The early navigation of China, like its commerce and everything else connected with the history of that remarkable country, is involved in the utmost obscurity, but there is no reason for accepting the extravagant antiquity to which the Chinese themselves pretend. Modern researches bring down the period of early Chinese civilization to a date comparatively recent; and, though it is likely that, from an early period, some of their vessels may have reached Hindustan or Ceylon, it is equally clear that their chief commercial operations with the nations of the West, previous to the time when the merchants of Alexandria established a regular trade with the coasts of Malabar, were conducted by means of the caravans already described, and, at the same time, with as much secrecy and mystery as possible.

Its maritime intercourse.

Our knowledge of the early maritime routes to the far East is almost exclusively confined to what has been already stated with reference to those between Europe and Arabia and the western shores of Hindustan. Beyond those shores, all that is certain is, that vessels from China, from Bengal, and from other parts of the East, traded with Ceylon, and that some of the products of China found their way by circuitous routes, probably after passing through many hands, to the great central mart of Alexandria; nor, indeed, is there any greater certainty or knowledge about the character of the early Indian vessels, for, like the Egyptians, the Indians were not, and are not, as a nation, a seafaring people. Those Indians who followed seafaring pursuits, were then, as now, of the lowest caste; hence the inference is natural that their shipping would exhibit a corresponding inferiority in construction.
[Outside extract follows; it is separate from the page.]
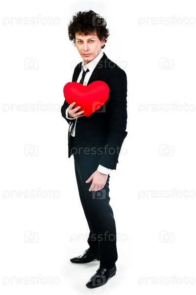 Молодой мужчина с красным плюшевым сердцем
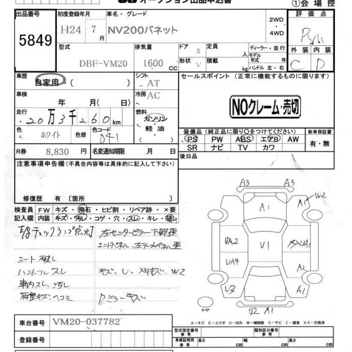 Все аукционы NISSAN NV200 VANETTE VAN

Pliny[253] says that their boats consisted chiefly of a large description of cane or bamboo, split down the middle, and capable of carrying three persons; and Arrian remarks that, in his time, the vessels employed on the Malabar coast were very inferior to those of most other nations. He says the small vessels, called madara, have their planks sewn together with coir—the inner fibre of the cocoa-nut—like some of the native vessels of Arabia. Others, he adds, were long vessels, trappaga and cotymba (in the native dialect),[254] used by fishermen and pilots of the port of Barygaza. But besides these, there were double canoes, which were lashed together, and were by his description not unlike, though much inferior to, those of the South Sea Islands, of which, from Captain Cook’s description, the following is an illustration (Page 131).

The Chinese junk of the present day probably affords a tolerably accurate representation of the Chinese merchant vessel of two or perhaps three thousand years ago; for all that is known of China, and of the habits of its population, tends to show that they have adhered to established types with even more than Oriental tenacity.[255] In the “Asiatic Researches” (vol. vi. p. 204) is a representation of one of the oldest Chinese merchant vessels which have been preserved: it exhibits a model almost as perfect as any of their vessels of our own time.